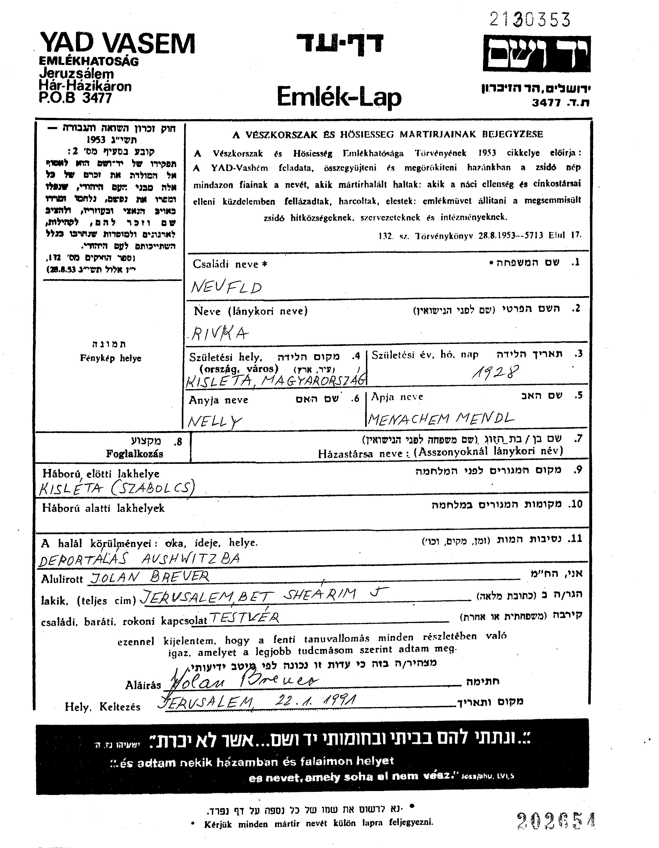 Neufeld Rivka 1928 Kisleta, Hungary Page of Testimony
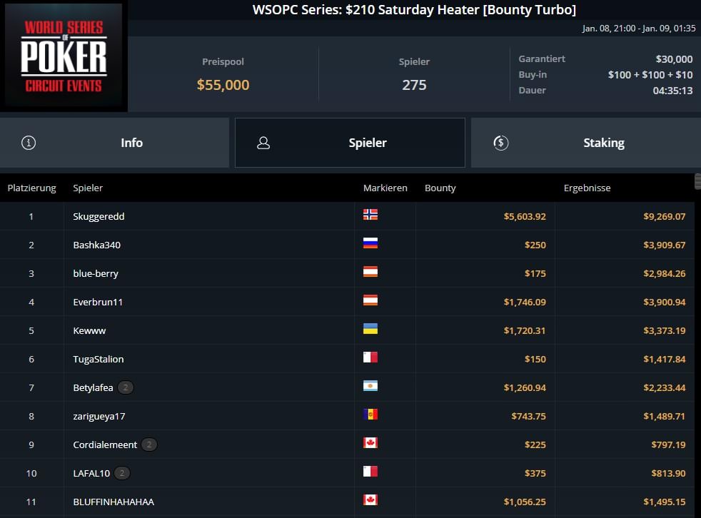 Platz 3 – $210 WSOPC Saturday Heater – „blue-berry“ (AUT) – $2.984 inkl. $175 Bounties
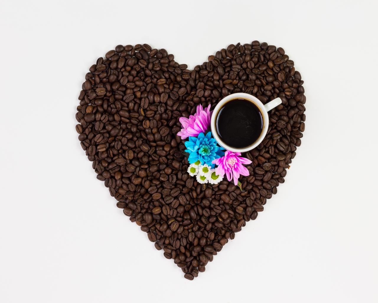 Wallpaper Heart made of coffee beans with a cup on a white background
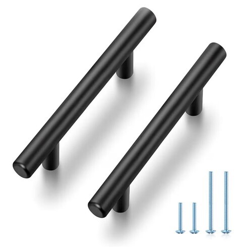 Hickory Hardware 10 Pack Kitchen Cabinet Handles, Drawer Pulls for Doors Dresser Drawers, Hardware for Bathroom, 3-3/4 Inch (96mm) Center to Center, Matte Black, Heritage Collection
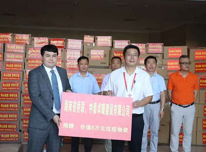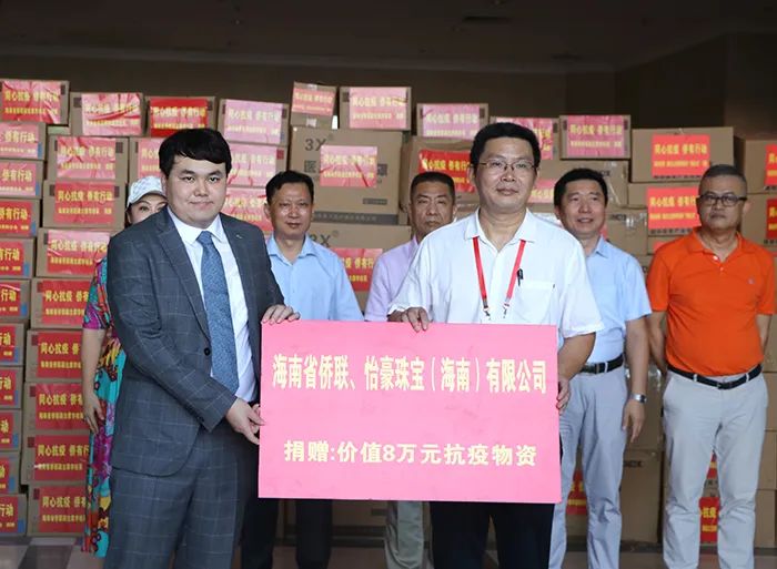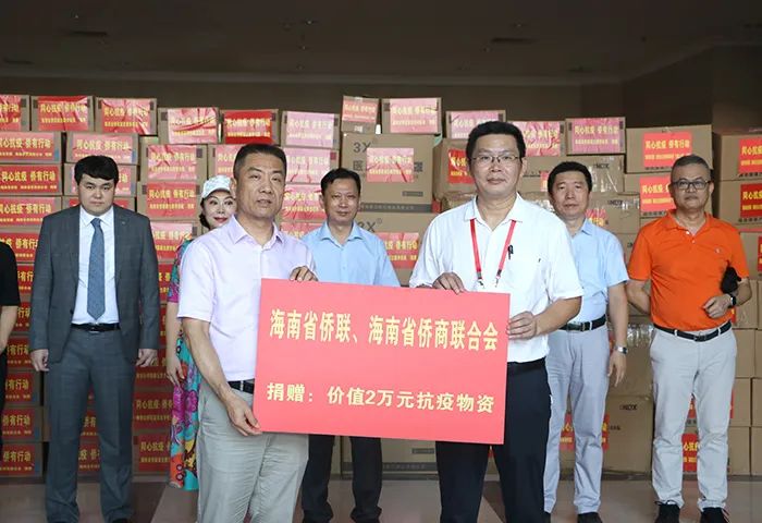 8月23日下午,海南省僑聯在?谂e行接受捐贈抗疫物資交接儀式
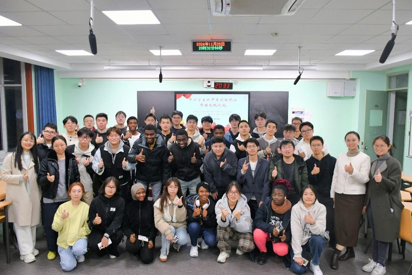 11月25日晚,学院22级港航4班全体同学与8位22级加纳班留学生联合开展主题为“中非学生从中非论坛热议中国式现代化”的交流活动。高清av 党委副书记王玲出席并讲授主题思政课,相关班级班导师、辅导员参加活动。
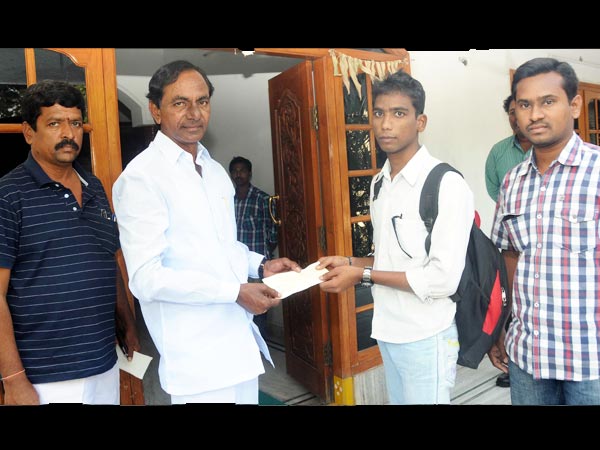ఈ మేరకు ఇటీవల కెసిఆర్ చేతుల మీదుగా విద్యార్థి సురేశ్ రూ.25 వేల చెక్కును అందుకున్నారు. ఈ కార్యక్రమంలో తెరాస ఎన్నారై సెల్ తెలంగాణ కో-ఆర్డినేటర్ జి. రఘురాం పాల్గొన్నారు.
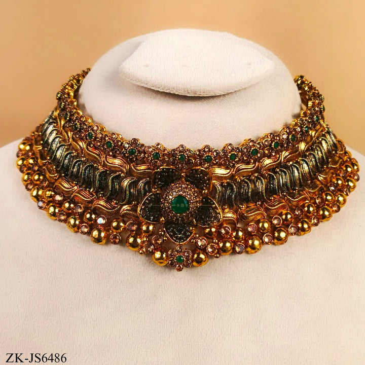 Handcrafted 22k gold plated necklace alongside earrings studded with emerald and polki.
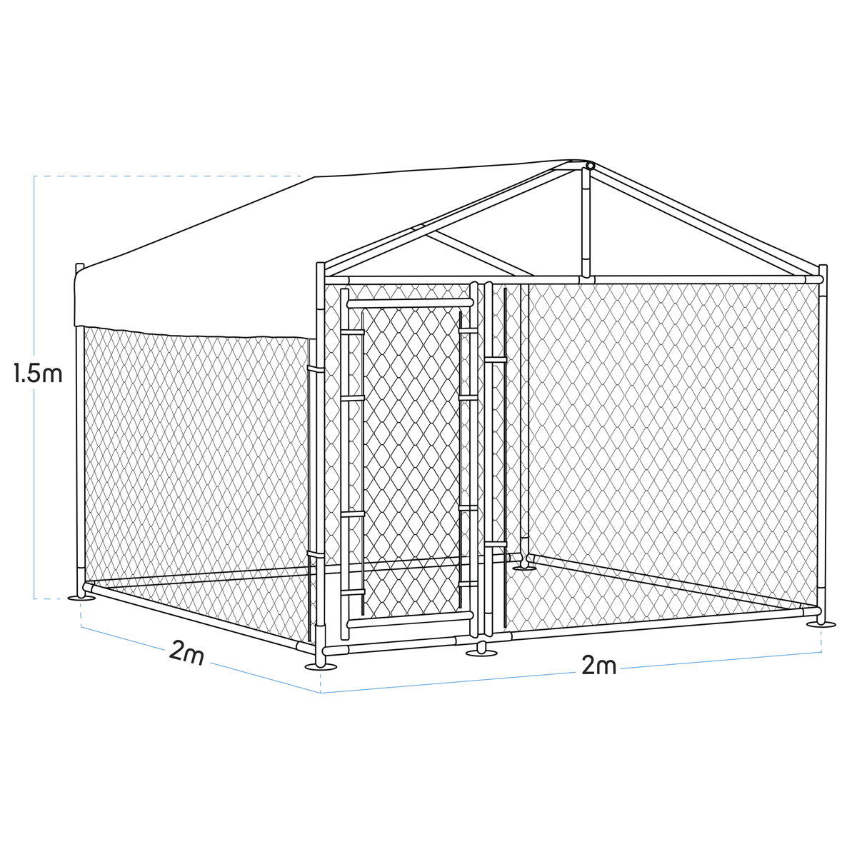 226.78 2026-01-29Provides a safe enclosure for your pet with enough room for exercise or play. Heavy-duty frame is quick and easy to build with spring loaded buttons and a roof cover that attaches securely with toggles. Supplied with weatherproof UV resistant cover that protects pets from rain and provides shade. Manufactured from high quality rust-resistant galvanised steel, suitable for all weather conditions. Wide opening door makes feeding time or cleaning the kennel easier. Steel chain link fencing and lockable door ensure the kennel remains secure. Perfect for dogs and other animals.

######

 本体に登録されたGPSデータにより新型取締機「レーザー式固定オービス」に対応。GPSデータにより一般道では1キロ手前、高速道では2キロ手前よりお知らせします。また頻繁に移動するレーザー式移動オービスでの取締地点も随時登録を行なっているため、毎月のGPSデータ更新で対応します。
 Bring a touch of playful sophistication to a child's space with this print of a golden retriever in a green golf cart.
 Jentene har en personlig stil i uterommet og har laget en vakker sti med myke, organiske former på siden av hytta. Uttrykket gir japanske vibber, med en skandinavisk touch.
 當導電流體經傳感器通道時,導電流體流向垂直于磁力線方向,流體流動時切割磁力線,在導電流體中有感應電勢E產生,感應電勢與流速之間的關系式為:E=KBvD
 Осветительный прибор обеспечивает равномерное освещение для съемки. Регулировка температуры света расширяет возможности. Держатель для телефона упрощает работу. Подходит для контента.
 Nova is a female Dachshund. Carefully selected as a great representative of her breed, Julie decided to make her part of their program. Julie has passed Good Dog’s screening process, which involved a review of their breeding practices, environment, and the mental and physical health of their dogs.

######

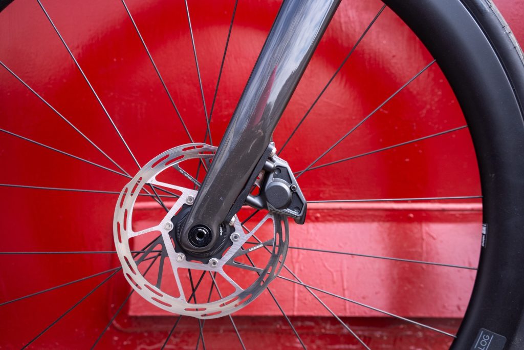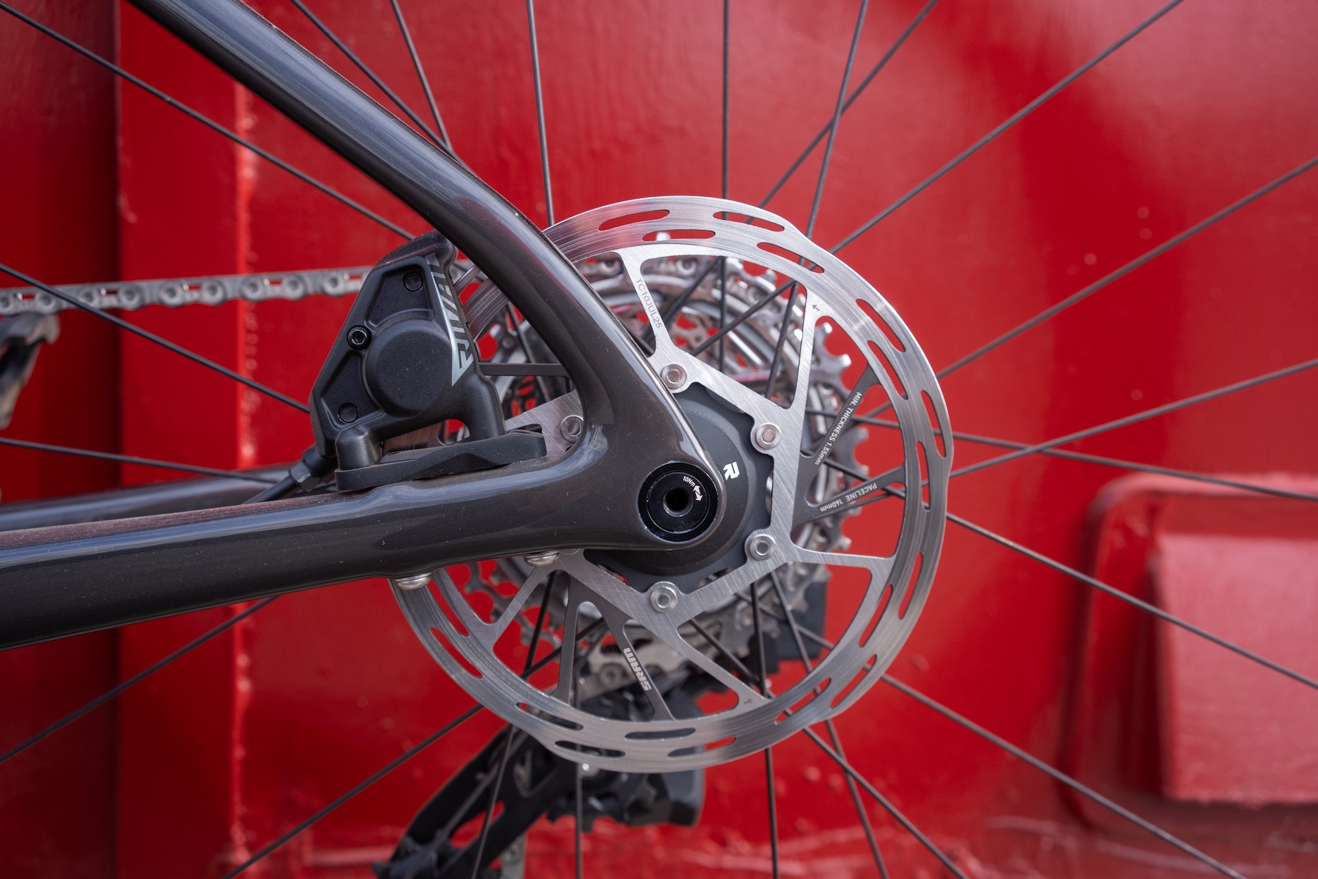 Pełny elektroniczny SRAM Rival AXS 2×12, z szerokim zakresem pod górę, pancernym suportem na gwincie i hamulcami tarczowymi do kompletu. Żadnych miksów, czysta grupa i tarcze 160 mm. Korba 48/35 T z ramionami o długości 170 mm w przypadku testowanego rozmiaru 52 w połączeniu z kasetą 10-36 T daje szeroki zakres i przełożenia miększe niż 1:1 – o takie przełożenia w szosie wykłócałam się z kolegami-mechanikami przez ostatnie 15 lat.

######

→ **YOUR OBJECTIVE**: All that belongs in your answer is the stretch of entries above from the line with "當導電流體經傳感器通道時,導" through the line with "Осветительный прибор обеспечивает", printed exactly.

→ **FINISHED EXERCISE**:
 當導電流體經傳感器通道時,導電流體流向垂直于磁力線方向,流體流動時切割磁力線,在導電流體中有感應電勢E產生,感應電勢與流速之間的關系式為:E=KBvD
 Осветительный прибор обеспечивает равномерное освещение для съемки. Регулировка температуры света расширяет возможности. Держатель для телефона упрощает работу. Подходит для контента.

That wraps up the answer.